What you should do
Whatever appears in the records, retype it exactly, except for the pictures.

★ ★ ★ ★ ★

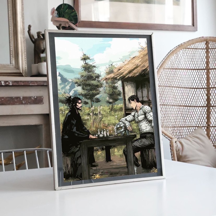 ÜRÜN AÇIKLAMASI; -(A3) 30 X 42,0 СМ (ÇERÇEVESİZ) boyutundadır - Ürünlerimizin hepsi 300gsm kalınlığında ve premium inci kağıtlara basılarak oluşturulmakta. En kaliteli püskürtmeli dijital yazıcılarda oluşturularak olabilecek en canlı renk paletleriyle ortaya çıktı. İllüstrasyonla oluşturulan bu tablo, "Berserk" ve "Vagabond" gibi iki epik manga ve anime serisinin karakterlerini bir araya getiriyor. Guts ve Miyamoto Musashi gibi ikonik karakterlerin buluştuğu bu özel tasarım, her iki serinin büyüsünü ve karakterlerini yansıtıyor. Tablonun merkezinde, Guts ve Miyamoto Musashi karakterleri, epik bir sahnede veya etkileyici bir illüstrasyonda bir arada bulunurlar. Bu tasarım, her iki karakterin gücünü, kararlılığını ve cesaretini yakalar.
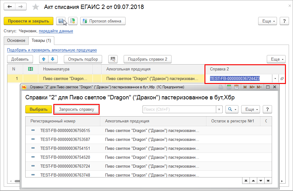 - Справка 2 – указывается справка, соответствующая списываемой партии. Если Cправка 2 не загружена, ее можно запросить по номеру (по кнопке Запросить справку в форме подбора справки).
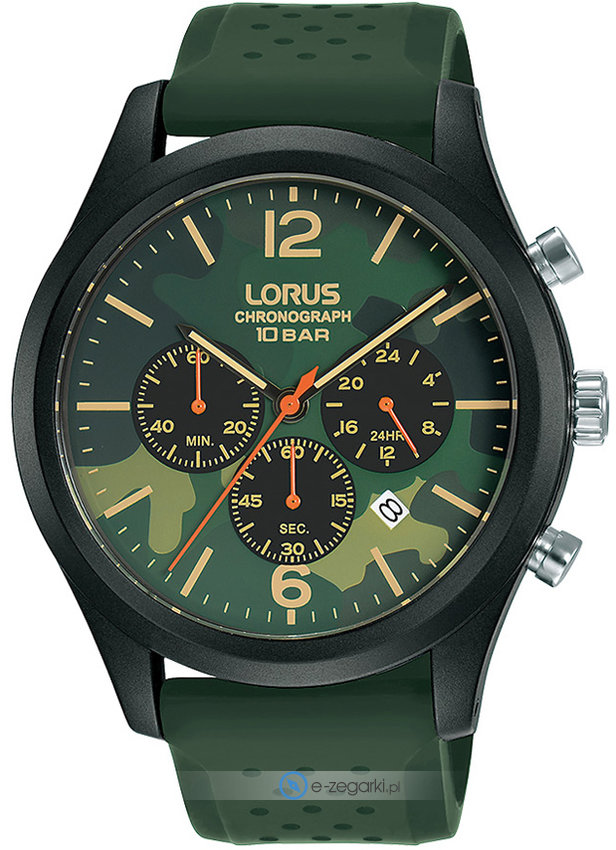 Zegarek męski RT399HX9 marki Lorus to ciekawa pozycja dla osób ceniących sobie dbałość o szczegóły a także bezproblemowe działanie mechanizmów. Cyferblat zegarka jest w kolorze zielonym. Pokazana metodą analogową bieżąca godzina jest czytelna i łatwa do sprawdzenia. Koperta jest pokryta kolorem czarnym szeroka jest na 44 mm oraz ma grubość 13 mm - w kształcie okrągłym.
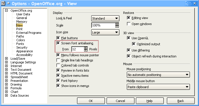 So we basically selected , menu, and in the View section we enable OOo to do anti-aliasing at font sizes beginning with 12 pixels (approximately 9pt), and the result is what you can see above: clean and comfortable widgets with Tahoma 8pt.
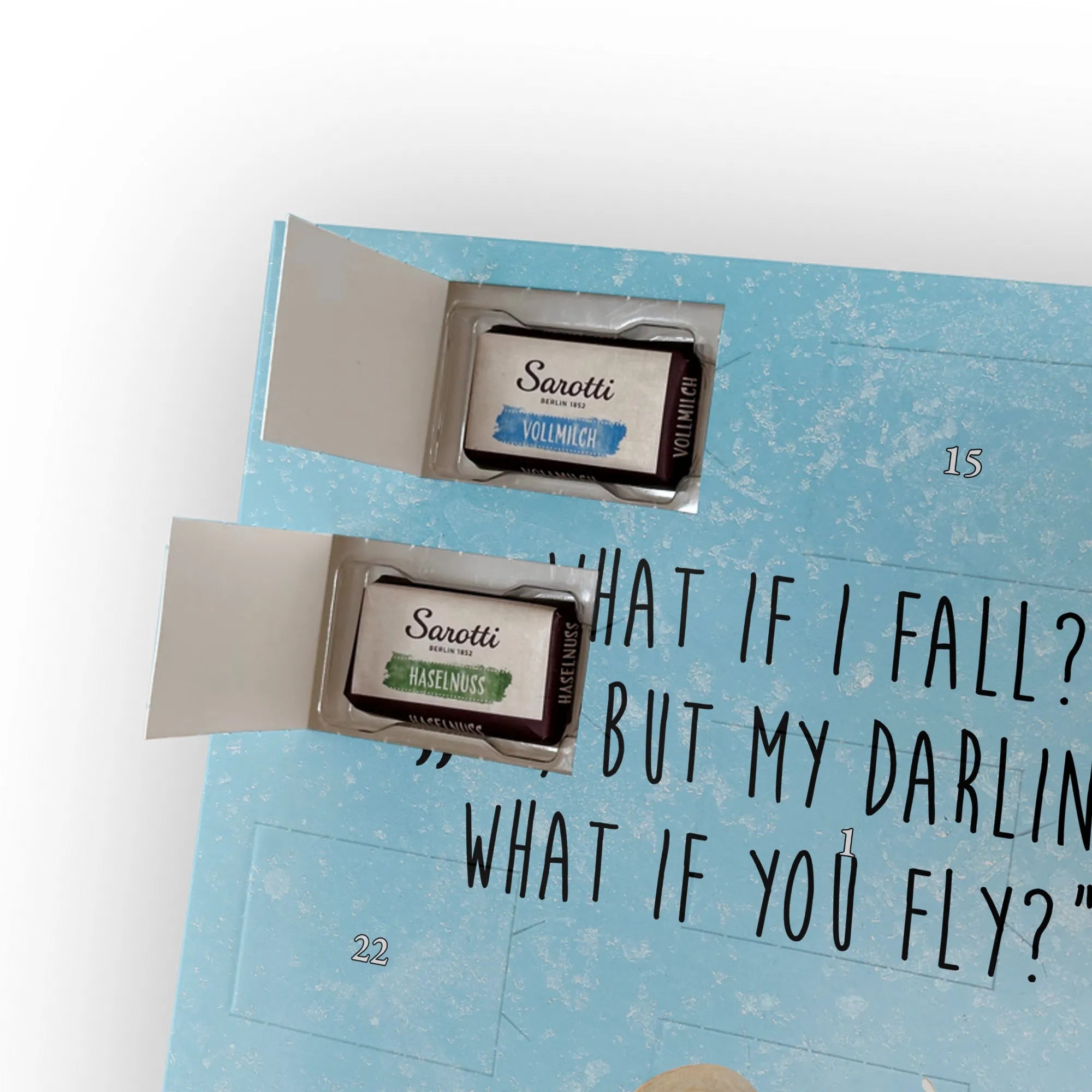 Personalisierter Schoko-Adventskalender mit Foto – das kleine Weihnachtswunder von Mr. & Mrs. Panda! Verschenke jeden Tag Vorfreude: Der Kalender ist liebevoll gestaltet mit unseren herzlichen Illustrationen und Sprüchen, während dein Foto die persönliche Mitte bildet. Bitte lade ein hochauflösendes Foto hoch und prüfe den Bildausschnitt, damit nichts Wichtiges verloren geht. Nutze nur Bilder, für die du die Rechte hast. Die hochwertige, seidenmatte Veredelung und die bedruckten Seitenflächen garantieren ein edles Erscheinungsbild. Maße: 355 mm x 245 mm x 11 mm; lässt sich sowohl aufhängen als auch aufstellen. Achtung: Fotos werden nicht nachbearbeitet oder zugeschnitten; personalisierte Artikel sind vom Rückgaberecht ausgeschlossen. Gefüllt mit 24 einzeln verpackten Schokoladentäfelchen aus den vier Geschmacksrichtungen Vollmilch, Nougat, Zartbitter und Haselnuss – von Sarotti® und Confiserie Heidel®. Insgesamt enthält der Kalender 107 g Markenschokolade. Ein persönliches Geschenk mit süßem Inhalt, ideal für Partner, Familie und Freunde, verpackt mit der typischen Mr. & Mrs. Panda Liebe zum Detail.
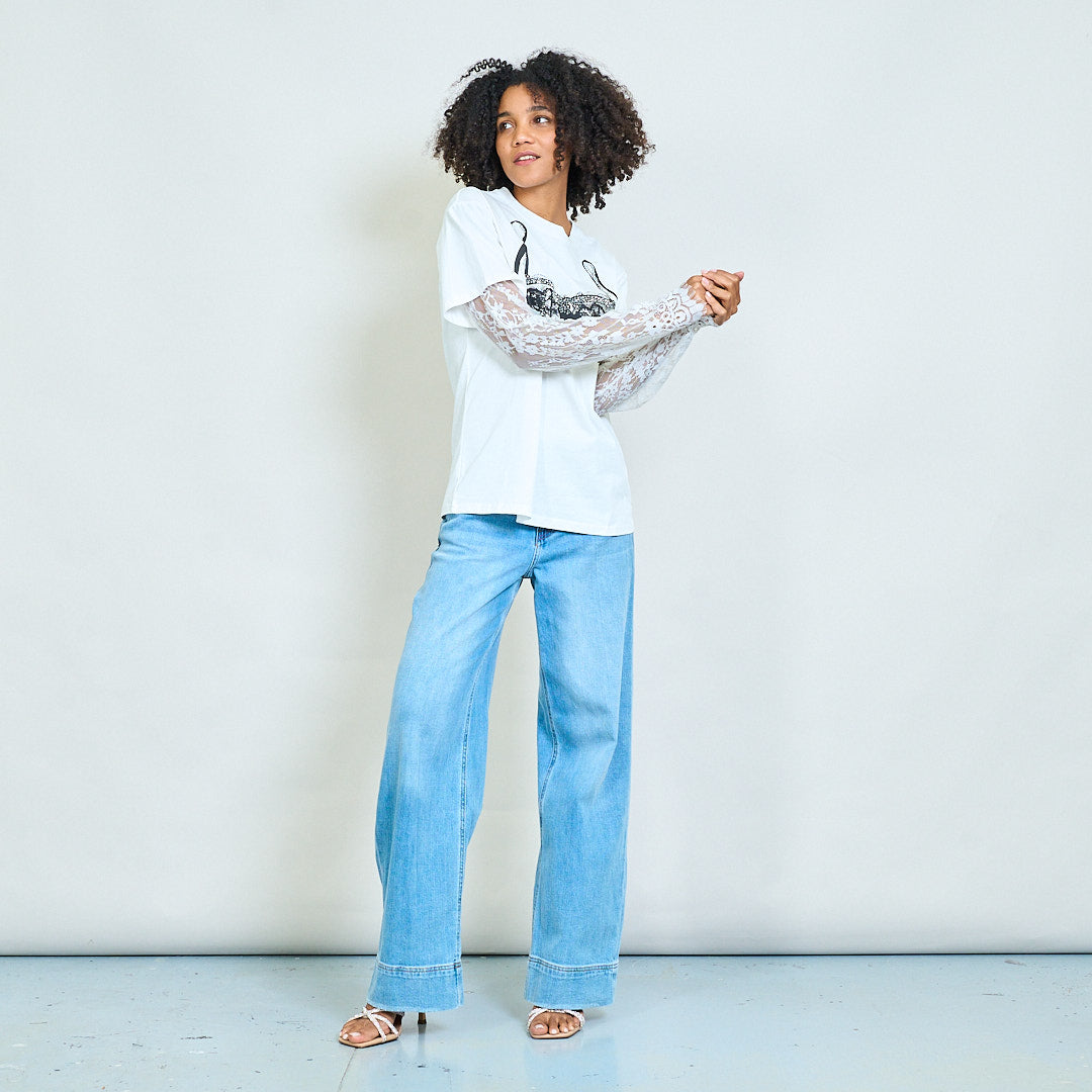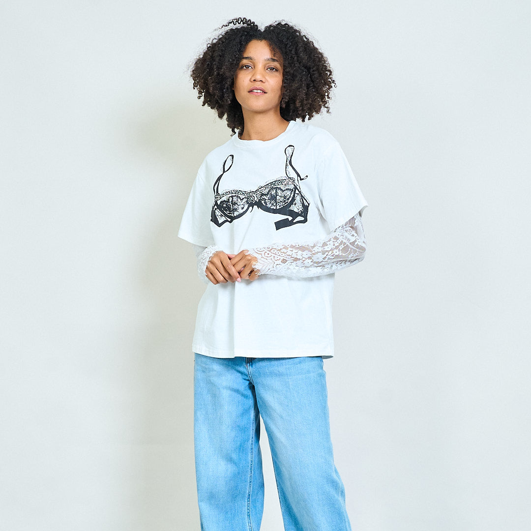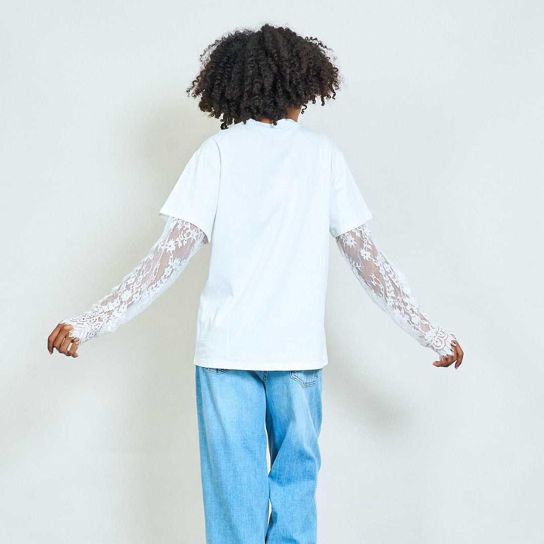 تي شيرت صدرية صدرية دانتيل مع أكمام شبكية بالجملة

★ ★ ★ ★ ★

Written answer
 ÜRÜN AÇIKLAMASI; -(A3) 30 X 42,0 СМ (ÇERÇEVESİZ) boyutundadır - Ürünlerimizin hepsi 300gsm kalınlığında ve premium inci kağıtlara basılarak oluşturulmakta. En kaliteli püskürtmeli dijital yazıcılarda oluşturularak olabilecek en canlı renk paletleriyle ortaya çıktı. İllüstrasyonla oluşturulan bu tablo, "Berserk" ve "Vagabond" gibi iki epik manga ve anime serisinin karakterlerini bir araya getiriyor. Guts ve Miyamoto Musashi gibi ikonik karakterlerin buluştuğu bu özel tasarım, her iki serinin büyüsünü ve karakterlerini yansıtıyor. Tablonun merkezinde, Guts ve Miyamoto Musashi karakterleri, epik bir sahnede veya etkileyici bir illüstrasyonda bir arada bulunurlar. Bu tasarım, her iki karakterin gücünü, kararlılığını ve cesaretini yakalar.
 - Справка 2 – указывается справка, соответствующая списываемой партии. Если Cправка 2 не загружена, ее можно запросить по номеру (по кнопке Запросить справку в форме подбора справки).
 Zegarek męski RT399HX9 marki Lorus to ciekawa pozycja dla osób ceniących sobie dbałość o szczegóły a także bezproblemowe działanie mechanizmów. Cyferblat zegarka jest w kolorze zielonym. Pokazana metodą analogową bieżąca godzina jest czytelna i łatwa do sprawdzenia. Koperta jest pokryta kolorem czarnym szeroka jest na 44 mm oraz ma grubość 13 mm - w kształcie okrągłym.
 So we basically selected , menu, and in the View section we enable OOo to do anti-aliasing at font sizes beginning with 12 pixels (approximately 9pt), and the result is what you can see above: clean and comfortable widgets with Tahoma 8pt.
 Personalisierter Schoko-Adventskalender mit Foto – das kleine Weihnachtswunder von Mr. & Mrs. Panda! Verschenke jeden Tag Vorfreude: Der Kalender ist liebevoll gestaltet mit unseren herzlichen Illustrationen und Sprüchen, während dein Foto die persönliche Mitte bildet. Bitte lade ein hochauflösendes Foto hoch und prüfe den Bildausschnitt, damit nichts Wichtiges verloren geht. Nutze nur Bilder, für die du die Rechte hast. Die hochwertige, seidenmatte Veredelung und die bedruckten Seitenflächen garantieren ein edles Erscheinungsbild. Maße: 355 mm x 245 mm x 11 mm; lässt sich sowohl aufhängen als auch aufstellen. Achtung: Fotos werden nicht nachbearbeitet oder zugeschnitten; personalisierte Artikel sind vom Rückgaberecht ausgeschlossen. Gefüllt mit 24 einzeln verpackten Schokoladentäfelchen aus den vier Geschmacksrichtungen Vollmilch, Nougat, Zartbitter und Haselnuss – von Sarotti® und Confiserie Heidel®. Insgesamt enthält der Kalender 107 g Markenschokolade. Ein persönliches Geschenk mit süßem Inhalt, ideal für Partner, Familie und Freunde, verpackt mit der typischen Mr. & Mrs. Panda Liebe zum Detail.
 تي شيرت صدرية صدرية دانتيل مع أكمام شبكية بالجملة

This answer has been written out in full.